As for VPN, some of the modem manufacturers make it so easy to create the necessary certificates. It's ONE click, wait a couple of minutes and it's done. If you know what is involved behind the scene it's pure magic. Ok, I am exaggerating a little but they got it to a point where even my mom could do this. My concern was that if anybody can spoof the certificate then they will get access to all of my computers including accounts, password, etc. Yes, it's harder to get in but the damage will be really bad. Hopefully there are no backdoors that somebody exploited to harvest our data. So for now I am going the VPN route. Thanks again to @alastairstevenson

 

[tradertim]

I am pretty sure that the ports I opened on the router were not the issue. Actually, for all the ports I have opened I have changed the default settings. This avoids the known default ports and their possible vulnerabilities. My BIG oversight was that I left UPnP enabled so the cameras pocked holes into the router. I didn't realize this until @alastairstevenson pointed it out. It's kind of embarrassing...

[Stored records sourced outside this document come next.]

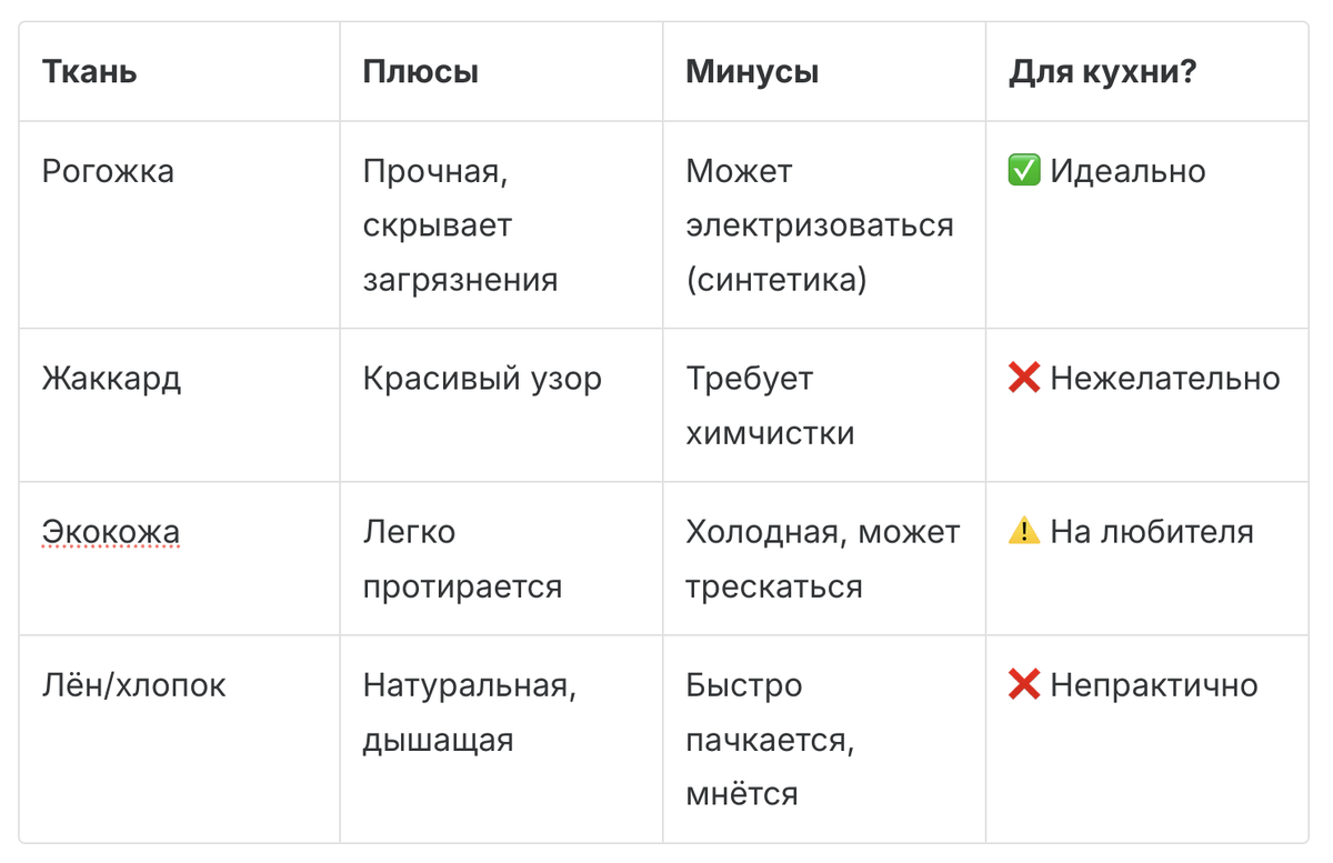 Если вы ищете обивочную ткань для кухонных стульев, которая сочетает долговечность, простой уход и современный дизайн, то рогожка – отличный вариант. Рассказываем, что это за материал, почему он идеально подходит для кухни и как за ним ухаживать. Рогожка – это плотная мебельная ткань с характерной рельефной текстурой в виде мелкого переплетения нитей (напоминает мешковину, но мягче и приятнее на ощупь). ● Натуральные волокна (хлопок, лён) – экологично, но менее износостойко. ● Синтетические нити (полиэстер, акрил) – более практично для кухни. ● Смесовые составы (хлопок + полиэстер) – баланс комфорта и прочности. 👉 Пример: ткань из 65% полиэстера и 35% хлопка не мнётся, отталкивает влагу и легко чистится. ● Плотное плетение защищает от затяжек и истирания. ● Не боится когтей животных (актуально для питомцев). ● Не впитывает пятна – пролитый чай или соус можно быстро вытереть. ● Можно чистить влажной губкой (для смесовых и синтетических вариантов). ● Рельефная фактура скрывает мелкие
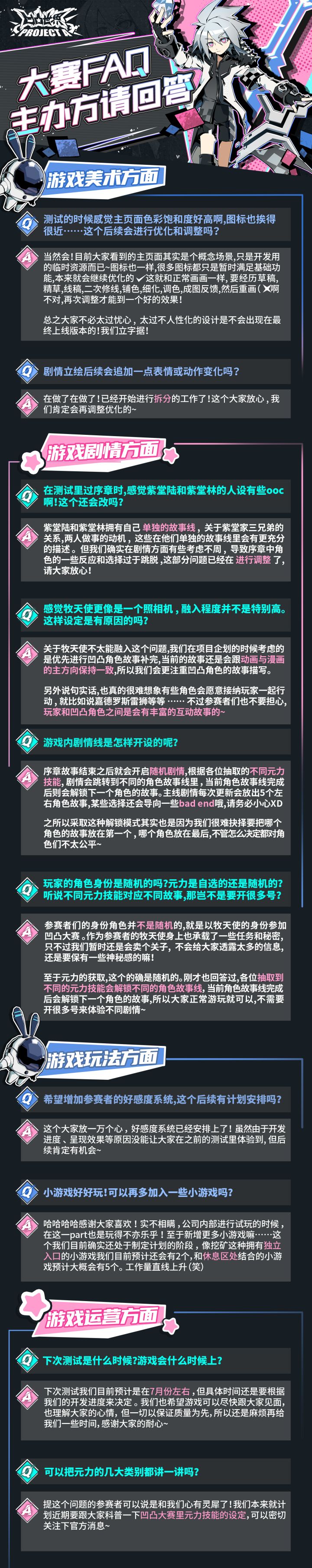 9022带来了第一期主办方请回答!紫堂陆与紫堂林故事线会改吗?剧情线将会怎样开设?主页面与剧情立绘还会优化吗?好感度系统是否会安排?下次测试什么时候?经过第一轮的反馈收集,那些参赛者们所关心的问题,主办方进行了回答,一起来看看他们怎么说吧!★大赛主办方★官方2群:922948619官方3群:421930021
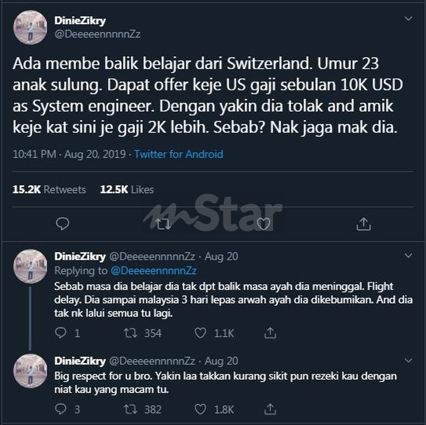 "Dengan yakin dia tolak dan ambil kerja kat sini je (Malaysia) gaji RM2,000 lebih. Sebab? Nak jaga mak dia," tulisnya.
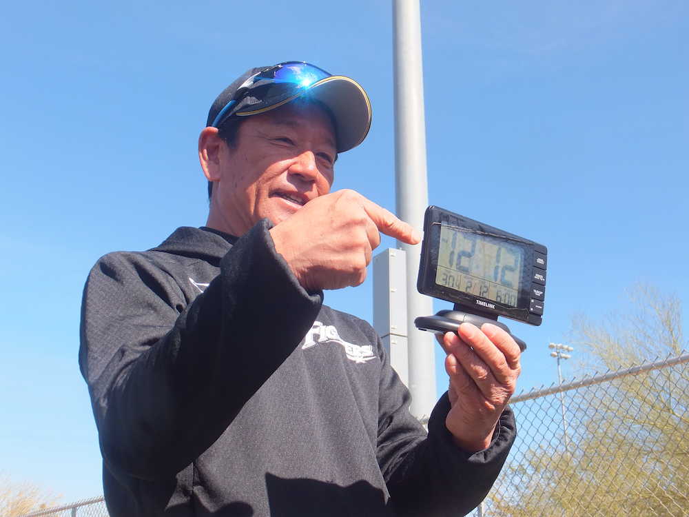 現地時間12日の12時12分を表示する時計を持って笑顔の日本ハム・栗山監督
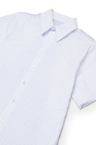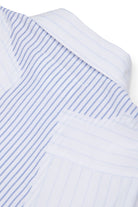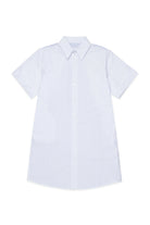 Vestido midi con logo y motivo de rayas verticales en algodón. El diseño presenta corte de camisa con mangas cortas y detalle de costuras en contraste en la parte posterior.

As for VPN, some of the modem manufacturers make it so easy to create the necessary certificates. It's ONE click, wait a couple of minutes and it's done. If you know what is involved behind the scene it's pure magic. Ok, I am exaggerating a little but they got it to a point where even my mom could do this. My concern was that if anybody can spoof the certificate then they will get access to all of my computers including accounts, password, etc. Yes, it's harder to get in but the damage will be really bad. Hopefully there are no backdoors that somebody exploited to harvest our data. So for now I am going the VPN route. Thanks again to @alastairstevenson

The certificate is generated in a unique form and then encrypted with your unique user and password.

Unless a device has that certificate loaded on it locally, AND knows your vpn (encrypted) user & password they can't gain access.

I think you are good. I've never had problems after implementing this.

Its makes no difference with changing "known ports" on the WAN as port scanning looks for open ports from port 0- all the way up to top end of ports.